Je sais, vous êtes étonnés. Laissez-moi vous expliquer ce que j'entends par là. Pour commencer, un constat qui va vous surprendre encore plus. Nous, les Arméniens, nous faisons figure de minorité heureuse (!), parce que nous avons la chance de pouvoir recevoir une éducation dans notre langue maternelle et de fréquenter nos propres écoles qui, comme vous le savez, ne sont pas subventionnées par l'État et fonctionnent grâce à nos propres moyens. Toutefois, il y a dans cette affaire un aspect négatif, puisque ces écoles n'accueillent que quatre mille élèves alors que la communauté arménienne compte environ 70 000 individus.La grande majorité des enfants fréquente des établissements privés très sélectifs et surtout très coûteux. Cette tendance s'accentue d'année en année, ce qui m'amène à penser que, si un groupe minoritaire dont les racines culturelles sont riches et remontent à des temps très anciens s'engage sur la voie des langues et de l'enseignement mondialisé en négligeant sa langue maternelle et se laisse emporter dans le tourbillon irrésistible de la globalisation, cela doit bien avoir un sens.
Laissons cela pour le moment et parlons un peu du droit d'enseignement dans la langue maternelle fixé par les critères de Copenhague, que certains présentent ici comme une menace pesant sut l'unité du pays.
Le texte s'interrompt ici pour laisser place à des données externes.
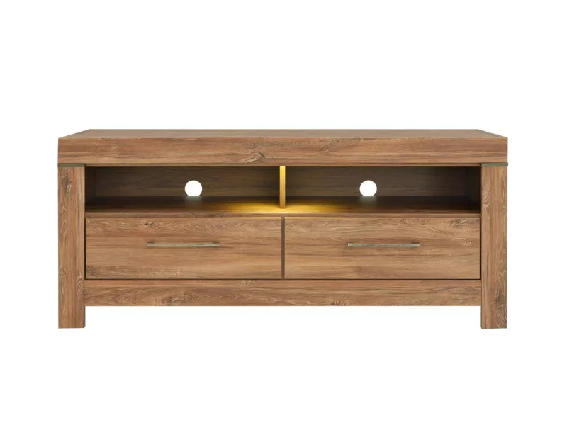 A GERMAN termékcsalád stílusos RTV szekrénye, mely a stirling tölgy markáns színének, és a bútor praktikus kialakításának köszönhetően, bármelyik nappaliban megállja a helyét.

Quand on parle de ce droit, je considère que l'on ne donne pas la vraie raison de la nécessité d'un enseignement en kurde. Ces écoles doivent exister, mais pas seulement parce que c'est le droit des Kurdes. Moi aussi, en tant qu'Arménien, je devrais avoir le droit de donner à mon enfant la possibilité d'apprendre la langue kurde, tout comme les non-Arméniens devraient avoir le droit d'inscrire leurs enfants dans les écoles arméniennes. Dans le creuset de l'Anatolie, la langue kurde ne peut être abandonnée aux seuls Kurdes, pas plus que la langue arménienne ne doit être laissée aux seuls Arméniens. De même que la connaissance de la langue turque ne turquifie personne, la connaissance de la langue kurde ne kurdifiera pas un Arménien. Au contraire, si l'on abandonne la langue kurde aux seuls Kurdes, on ne fera qu'alimenter le kurdisme. De la même façon, la langue arménienne livrée au monopole des Arméniens ne pourra que nourrir le sentiment nationaliste arménien. Ce qui convient à ces terres, c'est la coexistence des différences grâce à la pratique des différentes langues. Puisque les langues de plusieurs pays ont trouvé leur place dans nos écoles, pourquoi nous privons-nous des langues de ceux avec lesquels nous vivons ?"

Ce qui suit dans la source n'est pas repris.